Just making a thread to expand on some of the development from the Supra I made.
Started out with the external low poly model made by Lexyc16, and a high poly model of the interior made by Pooya_dh
I wanted to try and make a supra that is both accurate, and detailed where it mattered most like the interior, I also wanted to ensure I could allow derivates as that's always want I want to try to strive for, building great cars for others to build on.
To build on it, it needs to be a solid foundation. Making sure that there was no gaps in the mesh, that the groupings are all setup correctly, used some lfs techniques for the window defroster, and window trim with dots (takes forever to map).
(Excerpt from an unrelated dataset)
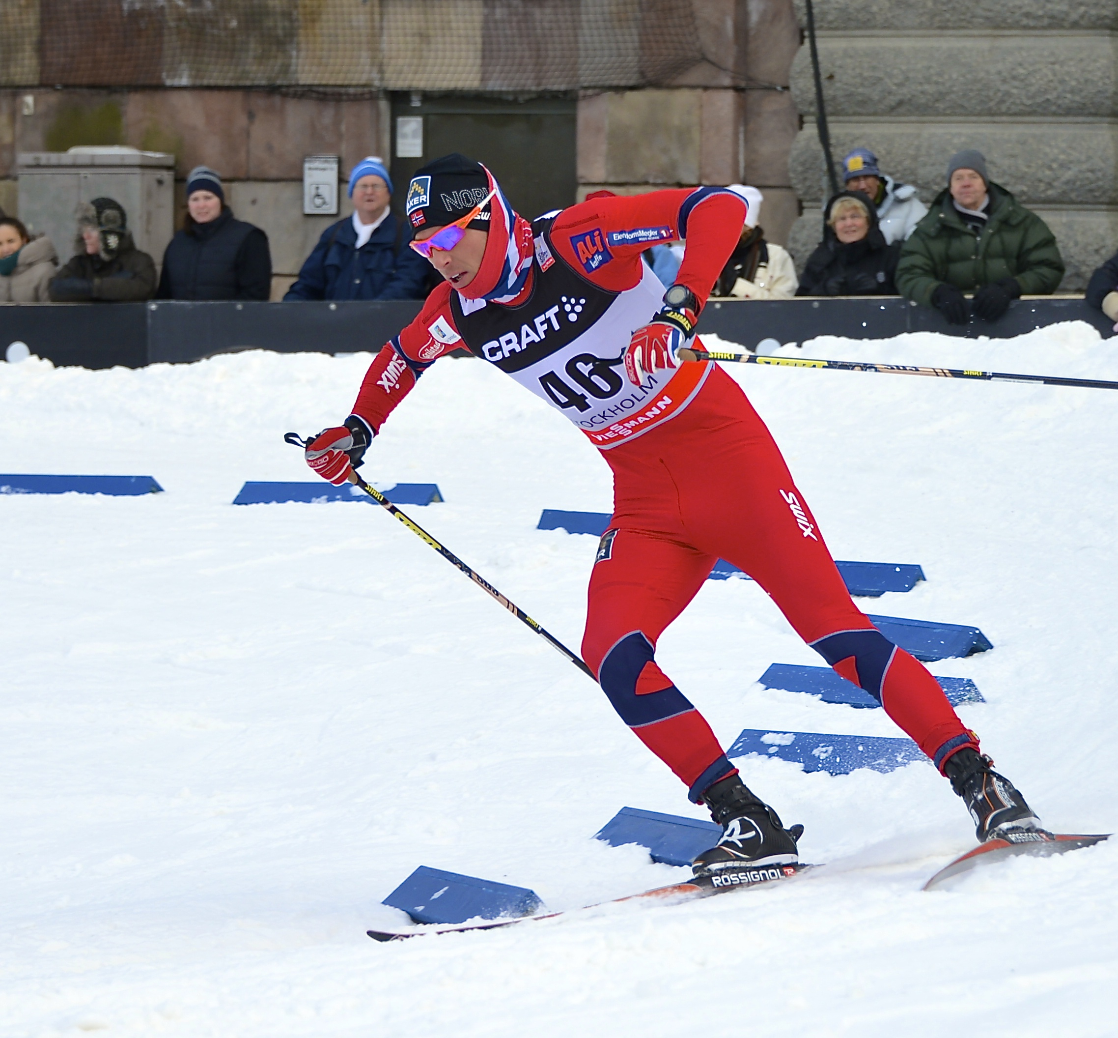 Chris Jespersen at Royal Palace Sprint in Stockholm March 20, 2013
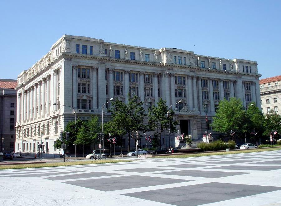 The John A. Wilson Building

Took a lot of time in the interior, made the TRD cluster, and textured all the little bits, the supra really shines in the interior as it was one of the goals of the manufacturer of the car.
I wanted to aim for around 50k triangles for the base car, I try to keep a ton of texture space as well, I was aiming for around 2.5mp. That way I can build another car based on this one with a body kit and some other goodies that fit the build. I got the car complete at around 49k triangles without extra pieces, and I had it at 3mp for textures, I bumped up some of the texture sizes to use some of the headroom like cluster, and interior pieces.
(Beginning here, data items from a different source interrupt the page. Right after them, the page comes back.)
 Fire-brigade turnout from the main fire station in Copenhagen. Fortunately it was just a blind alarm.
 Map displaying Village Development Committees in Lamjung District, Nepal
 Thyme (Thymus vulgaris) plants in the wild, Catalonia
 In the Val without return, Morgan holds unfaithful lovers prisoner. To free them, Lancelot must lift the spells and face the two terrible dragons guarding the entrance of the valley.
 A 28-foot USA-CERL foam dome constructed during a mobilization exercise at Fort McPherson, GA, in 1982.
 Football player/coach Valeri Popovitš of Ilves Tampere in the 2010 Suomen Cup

I spent a considerable amount of time designing the sound of the 2jz engine, it has a pretty unique sound of deep, but also screams higher rpm. I went through a process of R&D to try and figure out how lfs handles sound on engine waves, to try and align it with a real life example. First I did some research into how the engine sound was developed, which turns out by using a cork sound sample in a loop. I figured that the devs would have designed the sound for lfs around that sample, so starting with a cork sound would yield a good starting point. Went to garageband and found a good cork sample, and recorded it and exported it to audacity. Trimmed to under 65 msec.
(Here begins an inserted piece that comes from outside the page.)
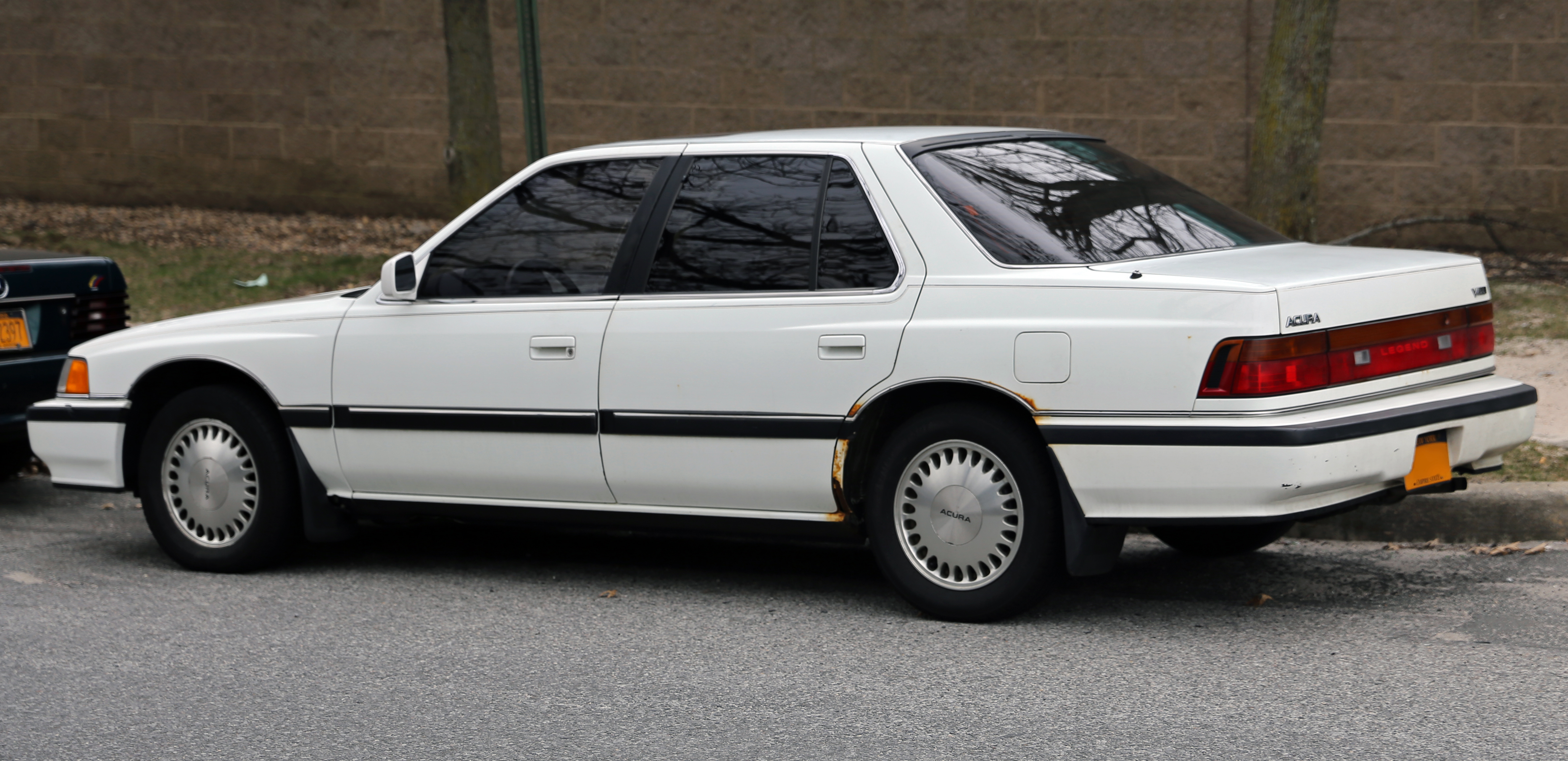 A 1990 Acura Legend L sedan (KA4), rear left 3/4 view.
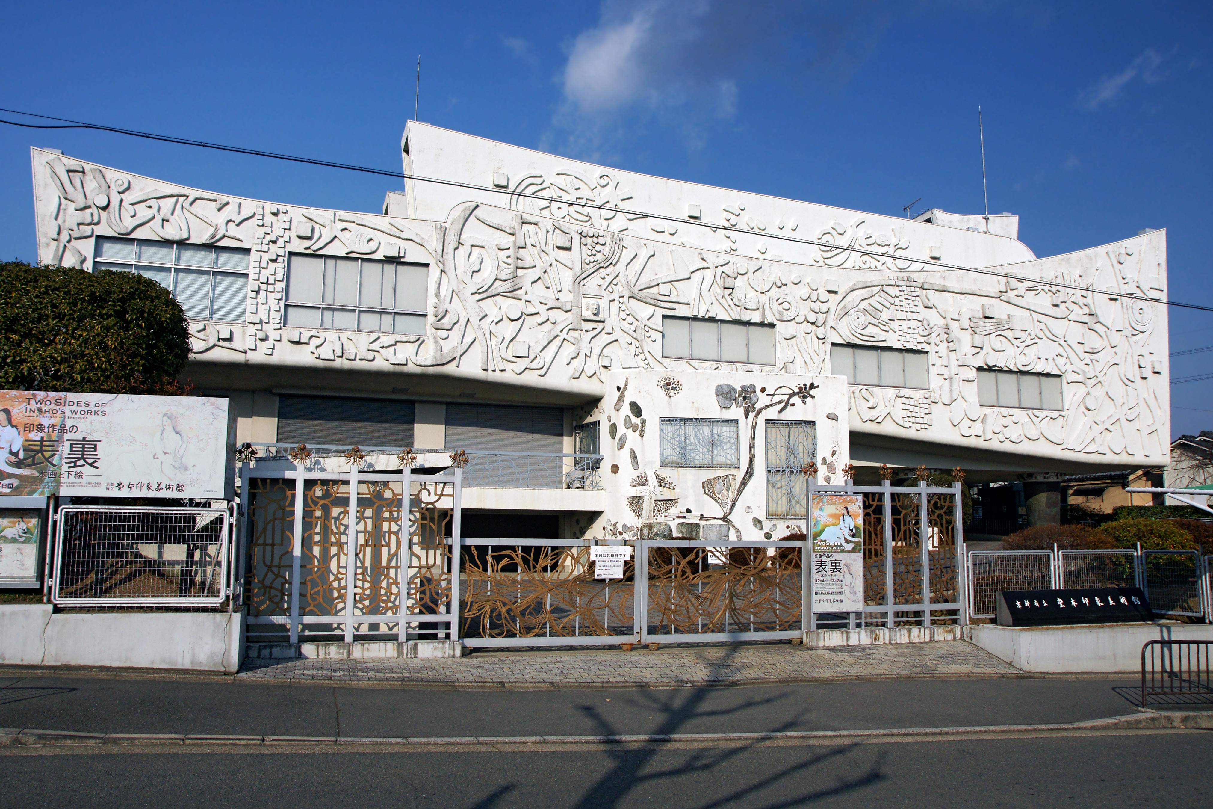 Kyoto Prefectural Insho-Domoto Museum of Fine Arts in Kyoto, Kyoto prefecture, Japan.

I used a spectrum analyzer that could tell me the frequency of what lfs engine was (in the sound editor of lfs, just solo the engine, turbo, and intake) comparing it with a youtube reference. I then played in audacity through about 12 versions of a wav file to try and get the right pitch and length, in the right "waves" in the wav file, so having a peak sound near the beginning, can create a passable rev limiter sound, and fading out near the end can add some softness to the sound, by using a gate and filling out the sample a bit with amplification, can add some volume, but without clipping. Then it was using the spectrum analyzer to see how the lfs sound editor worked with all the sliders. Turns out that I got the best sound from leaving the exhaust pulse tone at 1.00. Interesting relation between Exhaust pulse tone, Unevenness, and Exhaust pipe tone, for instance, using 1.39 Exhaust pulse tone, and 39 Exhaust pipe tone, had some harmonic frequencies around 6k rpm, though not the sound I was going for this build. Just interesting on how lfs does this, I would love to learn more if anyone knows more about this!
I had martin18 help me with the physics which he hit a home run with, the car feels heavy and rolls accordingly. He also created some great setups with it, drifting is great fun with xrt power to weight ratio, race is planted and fun.